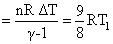 5.6 liter of helium gas at STP is adiabatically compressed to 0.7 lit. Taking the initial temperaure to be T1, the work done in the process is
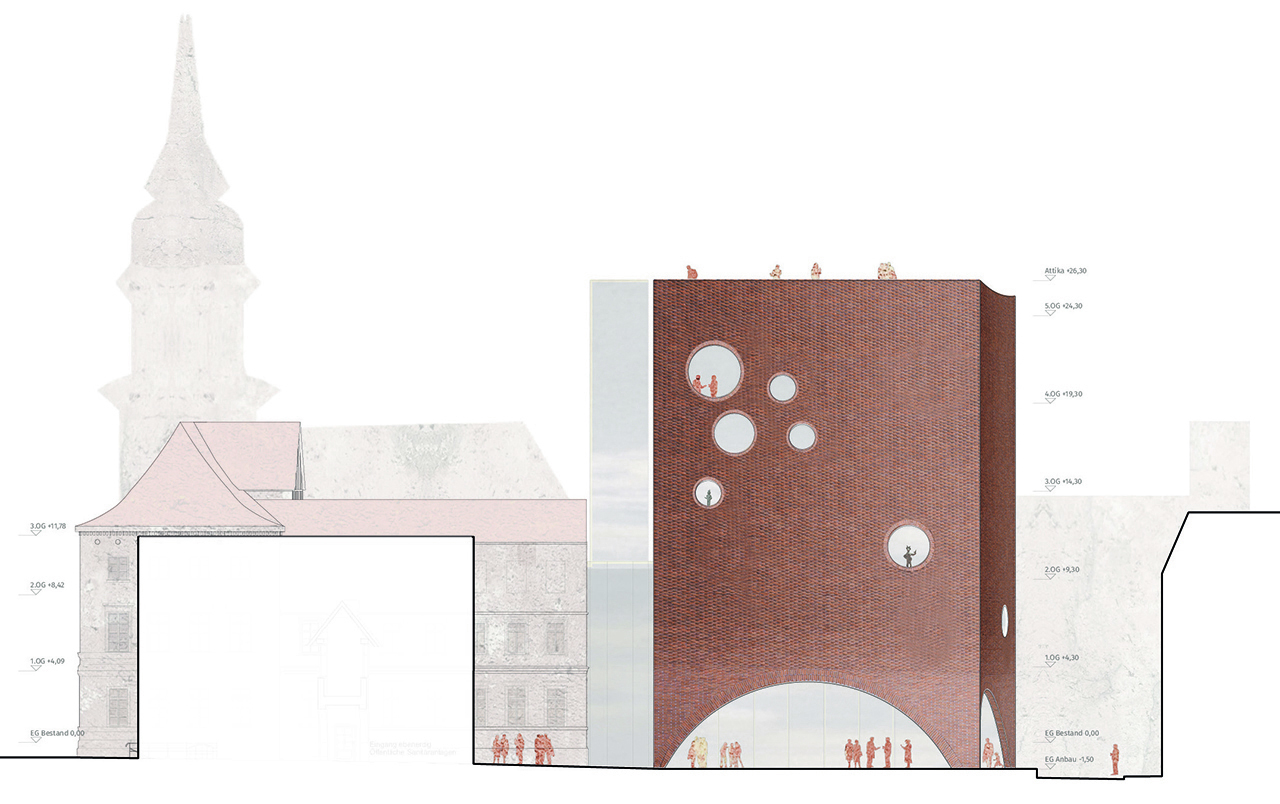 Die Verbindung mit dem bestehenden denkmalgeschützten Gebäude erfolgt behutsam und respektvoll. Das Gebäude tritt als markanter Solitär hervor und ist durch seine Form unverwechselbar. Der Turm aus recycelten Backsteinen fügt der von den gotischen Kirchen Schwerins gebildeten Stadtsilhouette einen neuen Hochpunkt hinzu. Der südliche Flügel wird, den Bestand fortschreibend, aufgestockt. Neubau und Bestand stehen frei nebeneinander. Zum Schlachtermarkt entsteht so eine klare Dominante, die über die Materialität die Verwandtschaft zu den Kirchen und qualitätvollen Gebäuden des frühen 20. Jahrhunderts sucht. Die Schwere der klassischen Mauerwerkstektonik wird durch den leichten Schwung der Fassade aufgelöst. Mit den Bogenstellungen im Erdgeschoss öffnet sich das Gebäude zum Stadtraum und erinnert an das benachbarte Rathaus. Die Fenster stellen Bezüge zu den Figurennischen der Gotik her. Vitrinenfenster mit vergrößerten Repliken von Ausstellungsstücken geben von außen einen ersten Einblick auf die Sammlung. Große Ausblickfenster beziehen markante Stadtansichten in die Ausstellung ein. Die Oberlichter im Treppenraum spiegeln die umlaufende Erschließung auf der Fassade wider. Im Zusammenspiel der Öffnungen ergibt sich eine fein abgestimmte Komposition.
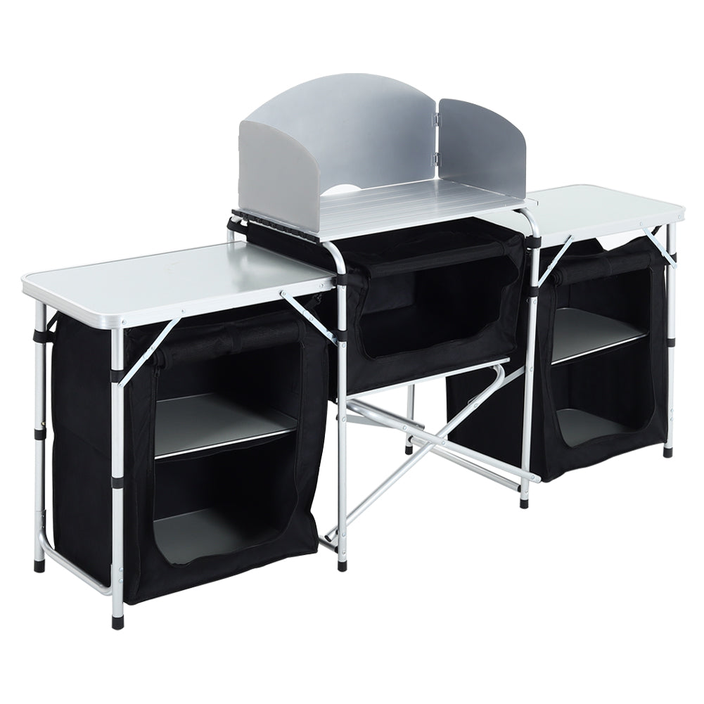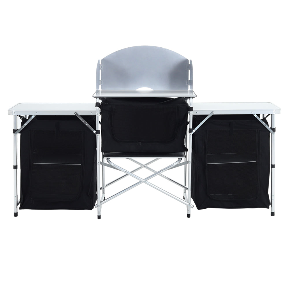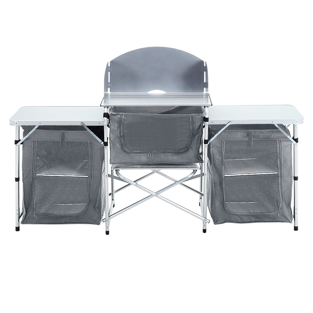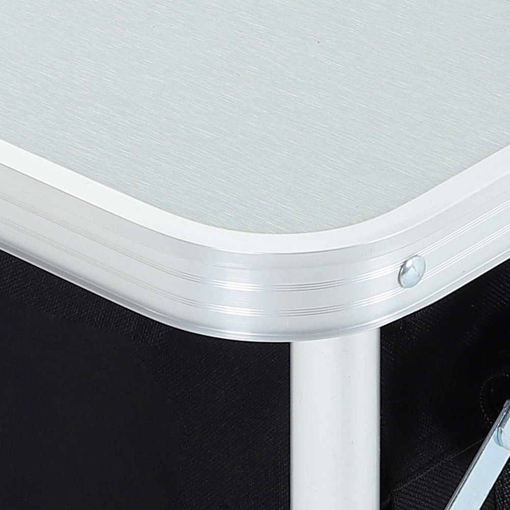 This foldable camping kitchen stand is ideal for outdoor gatherings such as barbecues, picnics, and parties. It offers a convenient way to display your cooking skills and prepare DIY food while enjoying the great outdoors. The sturdy and long-lasting design consists of a durable aluminum frame and a tabletop made of MDF. The table's rounded corners provide added safety for children, while the rubber cover on the feet prevents sliding. With ample storage space, this kitchen stand promotes cleanliness and hygiene. The bottom storage area is sealed with a zipper to ensure food safety and sanitation. Easy to assemble and compact, it can be easily transported in the back seat or trunk of your car.Features:
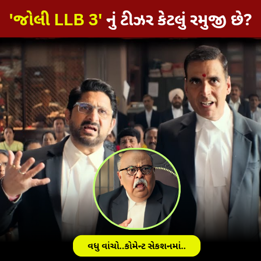 ઘણા સમયથી લોકોએ સારી કોમેડી ફિલ્મ જોઈ નથી. પરંતુ હવે આવી ફિલ્મની રાહ જોનારાઓ માટે એક મોટી ખુશખબર આવી છે. થોડા સમય પહેલા, નિર્માતાઓએ જોલી એલએલબી 3 નું ટીઝર રિલીઝ કર્યું હતું. ફિલ્મમાં અક્ષય કુમાર અને અરશદ વારસી મુખ્ય ભૂમિકામાં જોવા મળે છે. આ કોર્ટરૂમ ડ્રામામાં કોમેડી તેમજ ઘણો સંઘર્ષ જોવા મળે છે. રમુજી સંવાદોથી લઈને રસપ્રદ દ્રશ્યો સુધી, આ 11/2 મિનિટના ટીઝરમાં બધું જ જોવા મળે છે. ટીઝરમાં જોવા મળે છે કે અક્ષય અને અરશદ વારસી કોર્ટમાં એકબીજા સામે કેસ લડી રહ્યા છે. ફિલ્મમાં અક્ષય અને અરશદ બંનેનું નામ જોલી એલએલબી છે.
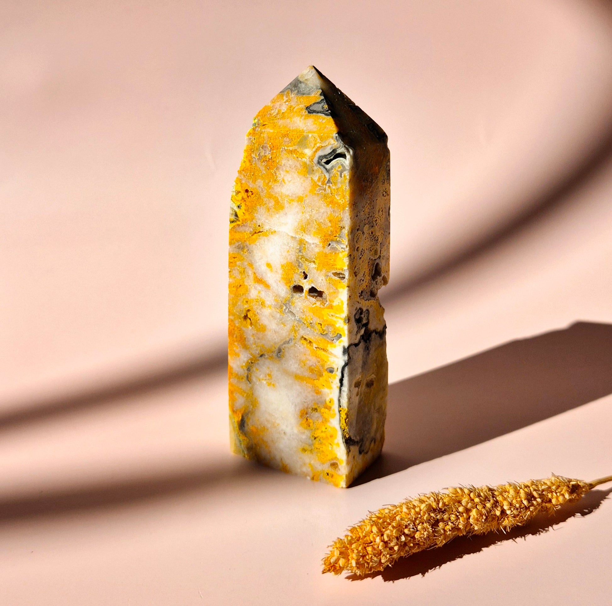 Verleihen Sie Ihrem Raum Energie mit der lebendigen Schönheit des Bumble Bee Jasper Tower. Bekannt für seine kräftigen gelben und orangefarbenen Bänder, fördert dieser einzigartige Stein Kreativität, Mut und Selbstvertrauen.
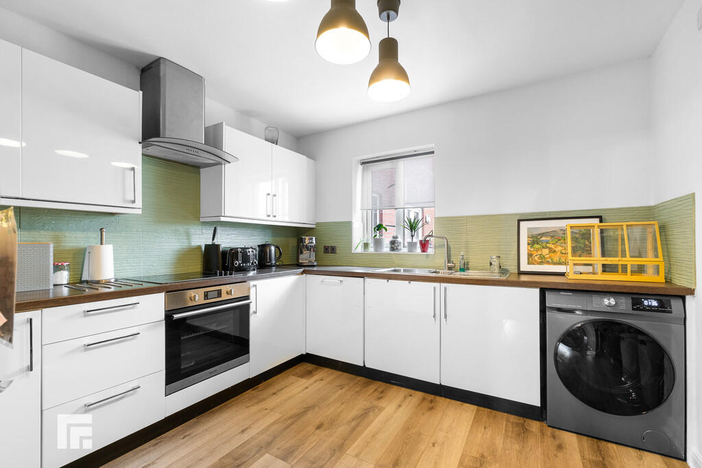 KITCHEN11' 3" x 10' 8" (3.43m x 3.25m) Laminate flooring. Modern fitted white gloss kitchen with worktops over incorporating stainless steel sink and drainer with mixer tap over and four ring electric hob with extractor hood above and oven beneath. Tiled splashback. Integrated dishwasher. Space for appliances such as washing machine and fridge/freezer. Pendant light fitting. Power points. Double glazed uPVC window to front aspect. Door to :-

···

* ASSIGNMENT: Exactly as written, give every entry again, but not the pictures.

* RESULT OF THE EXERCISE:
 5.6 liter of helium gas at STP is adiabatically compressed to 0.7 lit. Taking the initial temperaure to be T1, the work done in the process is
 Die Verbindung mit dem bestehenden denkmalgeschützten Gebäude erfolgt behutsam und respektvoll. Das Gebäude tritt als markanter Solitär hervor und ist durch seine Form unverwechselbar. Der Turm aus recycelten Backsteinen fügt der von den gotischen Kirchen Schwerins gebildeten Stadtsilhouette einen neuen Hochpunkt hinzu. Der südliche Flügel wird, den Bestand fortschreibend, aufgestockt. Neubau und Bestand stehen frei nebeneinander. Zum Schlachtermarkt entsteht so eine klare Dominante, die über die Materialität die Verwandtschaft zu den Kirchen und qualitätvollen Gebäuden des frühen 20. Jahrhunderts sucht. Die Schwere der klassischen Mauerwerkstektonik wird durch den leichten Schwung der Fassade aufgelöst. Mit den Bogenstellungen im Erdgeschoss öffnet sich das Gebäude zum Stadtraum und erinnert an das benachbarte Rathaus. Die Fenster stellen Bezüge zu den Figurennischen der Gotik her. Vitrinenfenster mit vergrößerten Repliken von Ausstellungsstücken geben von außen einen ersten Einblick auf die Sammlung. Große Ausblickfenster beziehen markante Stadtansichten in die Ausstellung ein. Die Oberlichter im Treppenraum spiegeln die umlaufende Erschließung auf der Fassade wider. Im Zusammenspiel der Öffnungen ergibt sich eine fein abgestimmte Komposition.
 This foldable camping kitchen stand is ideal for outdoor gatherings such as barbecues, picnics, and parties. It offers a convenient way to display your cooking skills and prepare DIY food while enjoying the great outdoors. The sturdy and long-lasting design consists of a durable aluminum frame and a tabletop made of MDF. The table's rounded corners provide added safety for children, while the rubber cover on the feet prevents sliding. With ample storage space, this kitchen stand promotes cleanliness and hygiene. The bottom storage area is sealed with a zipper to ensure food safety and sanitation. Easy to assemble and compact, it can be easily transported in the back seat or trunk of your car.Features:
 ઘણા સમયથી લોકોએ સારી કોમેડી ફિલ્મ જોઈ નથી. પરંતુ હવે આવી ફિલ્મની રાહ જોનારાઓ માટે એક મોટી ખુશખબર આવી છે. થોડા સમય પહેલા, નિર્માતાઓએ જોલી એલએલબી 3 નું ટીઝર રિલીઝ કર્યું હતું. ફિલ્મમાં અક્ષય કુમાર અને અરશદ વારસી મુખ્ય ભૂમિકામાં જોવા મળે છે. આ કોર્ટરૂમ ડ્રામામાં કોમેડી તેમજ ઘણો સંઘર્ષ જોવા મળે છે. રમુજી સંવાદોથી લઈને રસપ્રદ દ્રશ્યો સુધી, આ 11/2 મિનિટના ટીઝરમાં બધું જ જોવા મળે છે. ટીઝરમાં જોવા મળે છે કે અક્ષય અને અરશદ વારસી કોર્ટમાં એકબીજા સામે કેસ લડી રહ્યા છે. ફિલ્મમાં અક્ષય અને અરશદ બંનેનું નામ જોલી એલએલબી છે.
 Verleihen Sie Ihrem Raum Energie mit der lebendigen Schönheit des Bumble Bee Jasper Tower. Bekannt für seine kräftigen gelben und orangefarbenen Bänder, fördert dieser einzigartige Stein Kreativität, Mut und Selbstvertrauen.
 KITCHEN11' 3" x 10' 8" (3.43m x 3.25m) Laminate flooring. Modern fitted white gloss kitchen with worktops over incorporating stainless steel sink and drainer with mixer tap over and four ring electric hob with extractor hood above and oven beneath. Tiled splashback. Integrated dishwasher. Space for appliances such as washing machine and fridge/freezer. Pendant light fitting. Power points. Double glazed uPVC window to front aspect. Door to :-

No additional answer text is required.